A determination of study quality was performed using the ACR AC method28. Briefly, studies were assigned to a category (1–3) based on the study type and an assessment of the predefined and equally weighted quality components (See Supplementary Methods—Study Quality Components). The size of the study was not included in the determination of the study quality. Category 1 and 2 studies were regarded as well-designed studies that accounted for common biases, whereas Category 3 studies were likely to have study design limitations. High-quality studies were defined as category 1 or 2.

Data analysis

The data were exported from DistillerSR to Microsoft Excel to generate descriptive statistics and summary tables and figures. The overall average unweighted diagnostic yield was calculated by adding the yield of all the studies and dividing by the total number of studies. A bubble plot was created to visualize the diagnostic yield range across phenotypic groups inclusive of study size. A pie chart was constructed to assess the variety of clinical phenotypes represented across all studies. Summary tables grouped by cohort (i.e., Adult Cohorts, Pediatric Hospital Cohorts, Pediatric Ambulatory Cohorts, and Mixed Cohorts).

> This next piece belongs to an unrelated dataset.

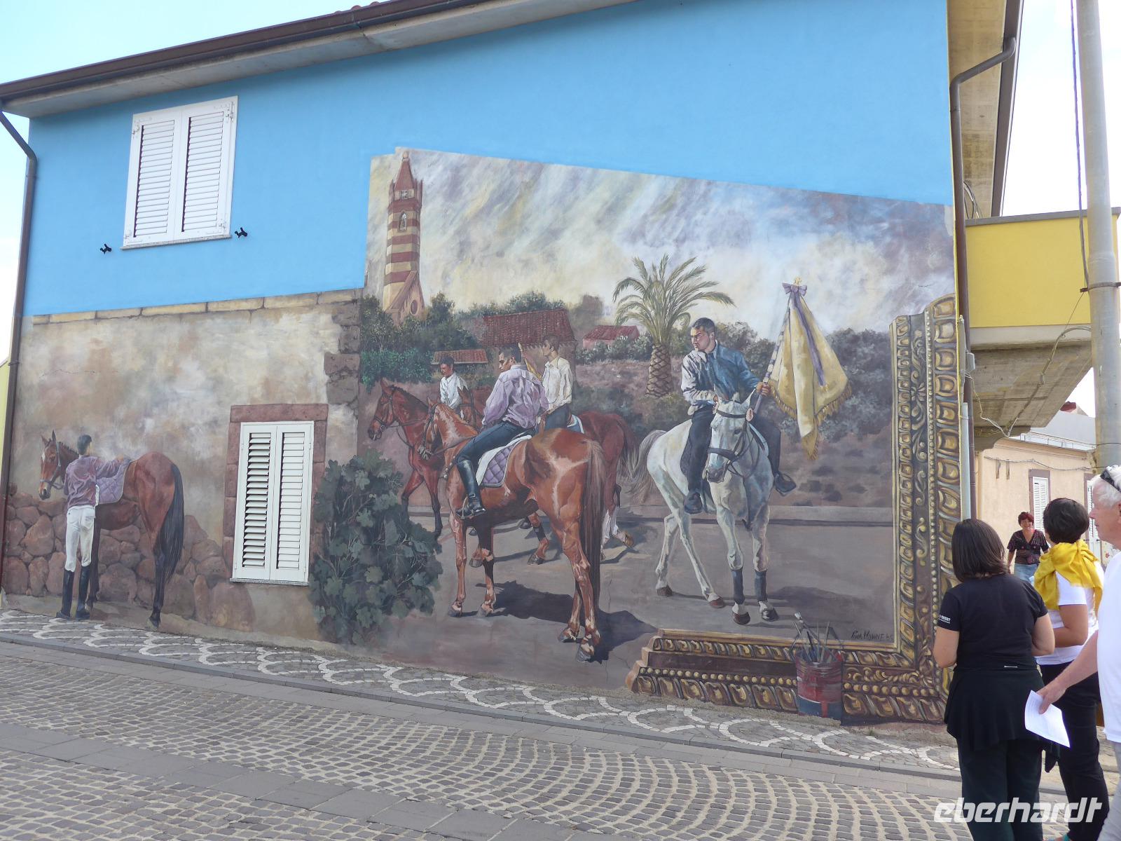 Unterwegs hielten wir zuerst in Tresnuraghes, wo es Malvasia Wein und Kekse zu probieren gab. Der nächste Stopp war in Tinnura. Wir spazierten durch den Ort und bewunderten die vielen Murales - Wandmalereien. Beim dritten Stopp ging es zur berühmten romanischen Kirche Santa Maria di Corte. Das alles ware sehr interessant, aber die Frage, ob es denn bald was zu Essen gäbe wurde immer wichtiger.

To obtain an estimate of the overall diagnostic rate among all the studies and within specified subgroups, we used a random effects model of proportions. A generalized linear mixed model was estimated after logit transformation of the proportion of positive tests to total probands in each study38. Confidence intervals were estimated using the Clopper–Pearson exact binomial method. We used the year of publication as a numerical variable in a meta-regression model. Subgroup analyses were performed for several categorical variables, including phenotype group, quality score, study population, study design, cohort test characteristics, and testing strategy. All calculations were performed in R using the meta package39.

Evidence summaries and recommendations

A sub-team was formed to develop a preliminary set of recommendations based on the data gathered from the systematic evidence review. Evidence tables for each recommendation were created, which contained a summary of the supporting references identified through the systematic review.

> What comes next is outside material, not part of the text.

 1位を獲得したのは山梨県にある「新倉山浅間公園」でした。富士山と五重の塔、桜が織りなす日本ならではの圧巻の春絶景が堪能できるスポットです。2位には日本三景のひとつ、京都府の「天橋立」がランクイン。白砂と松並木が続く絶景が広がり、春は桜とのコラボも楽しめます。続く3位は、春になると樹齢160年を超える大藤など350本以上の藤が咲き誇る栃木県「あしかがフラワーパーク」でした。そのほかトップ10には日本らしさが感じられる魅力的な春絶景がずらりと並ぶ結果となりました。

Appropriateness rating rounds for recommendations

To assess how strongly the panel supported the recommendations and to achieve consensus, a series of ratings rounds were performed based on a modified ACR AC28 appropriate use methodology which is based on the Delphi method. First, members were asked to rate their level of agreement with each recommendation using the evidence tables described above and their personal clinical experience. This information was gathered using a web-based questionnaire where panel members were asked to rank their support on a nine-point Likert scale (1 – strongly disagree, 9 – strongly agree). Consensus was achieved when all panel members ranked each recommendation as either 8 (agree) or 9 (strongly agree). The questionnaire also contained free text comment boxes to capture individual feedback. Consistent with ACR AC algorithms, raters were asked to assume the following:

  • The primary assessment for diagnostic testing is the diagnostic utility, diagnostic accuracy, test performance, etc., of performing GS as a first-tier test

  • The patients do not have contraindications for GS

  • GS is available and accessible to all

  • GS is performed and results are interpreted by experts

  • The direct or indirect costs of GS are not considered as a benefit or harm when determining appropriateness.

When a recommendation failed to reach the level of consensus, the panel members were gathered to discuss the anonymized results and to resolve discrepancies. The panel was then asked to rank their level of agreement with the revised recommendation. This process of revising and ranking was repeated until a consensus was reached. The results of the ratings rounds for each recommendation can be seen in the Supplemental Results.

Reporting summary

Further information on research design is available in the Nature Research Reporting Summary linked to this article.